Created by software engineer Michael Altfield, the tool, called BusKill, uses a simple USB key and a few lines of code to activate your laptop's lockdown process, or, in an emergency, a full disk wipe.

He outlines the DIY hack on his website.

"Let's consider a scenario: You're at a public location (let's say a cafe) while necessarily authenticated into some super important service (let's say online banking). But what if – after you've carefully authenticated – someone snatch-and-runs with your laptop?" wrote Atfield. "Maybe you can call your bank to freeze your accounts before they've done significant financial harm. Maybe you can't."

Replace "bank" with "decentralized exchange" in this scenario and you get a general idea of this tool's value.

The system works by watching your USB ports for a certain brand of USB key. Atfield uses a magnetic breakaway cable that would disconnect if someone pulled the laptop away from him and then wrote some simple code that works on Linux or Mac OS to trigger an action when the USB key suddenly disappears. In other words, when the cable is yanked away, the computer will lock itself down.

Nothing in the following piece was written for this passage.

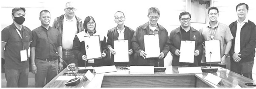
MOA Signing between DENR CALABARZON and DOLE Region No. IV-A for the Implementation of Tulong Panghanapbuhay sa Ating Displaced/Disadvantage Workers (TUPAD) Program last June 27, 2023

The Department of Environment and Natural Resources (DENR) CALABARZON signed a Memorandum of Agreement with the Department of Labor and Employment (DOLE) Region No. IV-A for the implementation of “Tulong Panghanapbuhay sa Ating Displaced/Disadvantage Workers (TUPAD) Program” last June 27 at the DENR CALABARZON Regional Office, Brgy. Mayapa, Calamba City, Laguna.

A magnetic USB cable. (Image via Amazon)
A magnetic USB cable. (Image via Amazon)

There are a few situations on which this sort of opsec could come in handy: Remember, the Silk Road's Ross Ulbricht's laptop was yanked away from him as he was arrested, allowing agents access the device. Further, we can imagine far less controlled situations in which someone drags your laptop off a cafe table and runs off into a crowd.

Ultimately, a little opsec like this might suggest paranoia, but, as William S. Burroughs said, "Sometimes paranoia's just having all the facts."